In the main roles, Gena Rowlands is so forcefully hard-bitten and John Adames so sheerly unusual that they elevate the material.  Rowlands is as affecting as she’s economical when Gloria, suppressing tears, leaves Phil in their hotel room and heads for her climactic confrontation with the mob boss who was once her lover (Basilio Franchina) and his henchmen.  Rowlands appeared in a total of nine Cassavetes films and starred in five of the last seven.  He wrote this part for his wife even though he didn’t expect to direct her in it.  Cassavetes may have felt Rowlands applied an authenticating Midas touch to the character – plenty of critics certainly felt that.  This viewer could never forget that Gloria (whose surname is the actual birth name of Gloria Swanson) was a movie type – I’d say a stereotype rather than an archetype.

‘She’s tough … but she sides with the little guy’, declared the theatrical release poster for Gloria in 1980.  While Rowlands received a Best Actress Oscar nomination for her work, John Adames shared the Razzie for Worst Supporting Actor – tough for an eight-year-old, and unfair.  (Even if he was in distinguished company:  the co-recipient of the award was Laurence Olivier for his hilarious performance in The Jazz Singer.)  Adames isn’t a natural actor (he’s not performed on screen since), which makes him a surprising choice for a big role in a Cassavetes picture, but he’s a distinctive presence.  In spite of Gena Rowlands’ matter-of-factness, the double meanings in Gloria’s remarks about falling in love and sleeping with Phil have a cute and mildly queasy quality but eccentric John Adames has a winning intentness and determination.  ‘You’re the man’, Jack Dawn tells Phil as he entrusts his ledger (‘the Bible’) to his young son shortly before hitmen descend on the apartment.  Adames makes curious, complete sense of this label:  he’s a homunculus.

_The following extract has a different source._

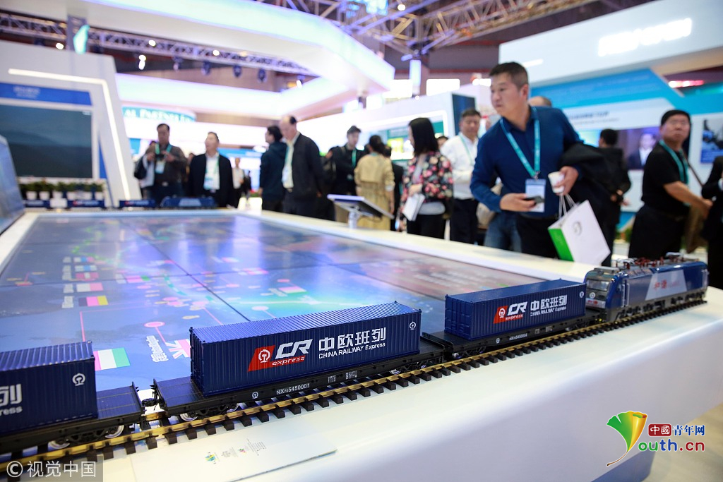 2018年11月6日,上海,首屆中國國際進口博覽會國家展上,共有82個國家、3個國際組織設立了71個展臺。中國館展示的中歐班列。視覺中國

Although physically convincing, the hoods are part of the formulaic side of Gloria.  The playing of them (by, among several others, Tom Noonan, J C Quinn and Sonny Landham) is one-dimensional – there’s no sign here of the hyper-naturalism of a typical Cassavetes ensemble.  This could be intentional – keeping the bad guys at a cartoonish level makes it easier to take Gloria’s firing as many bullets into them as she does.  Even so, the more interesting contributions come in cameos – John Pavelko as a grey-faced bank teller, a succession of cab drivers (Shanton Granger, Santos Morales, Walter Jukes, Janet Ruben, Jerry Jaffe).  Bill Conti’s score sustains the Hispanic aspect of the story by incorporating the famous melody from the second movement of the Rodrigo guitar concerto.  It gives the narrative a lift but also reminds us this is music we’ve heard before – just as we’ve seen before people-discovering-their-humanity movies like Gloria.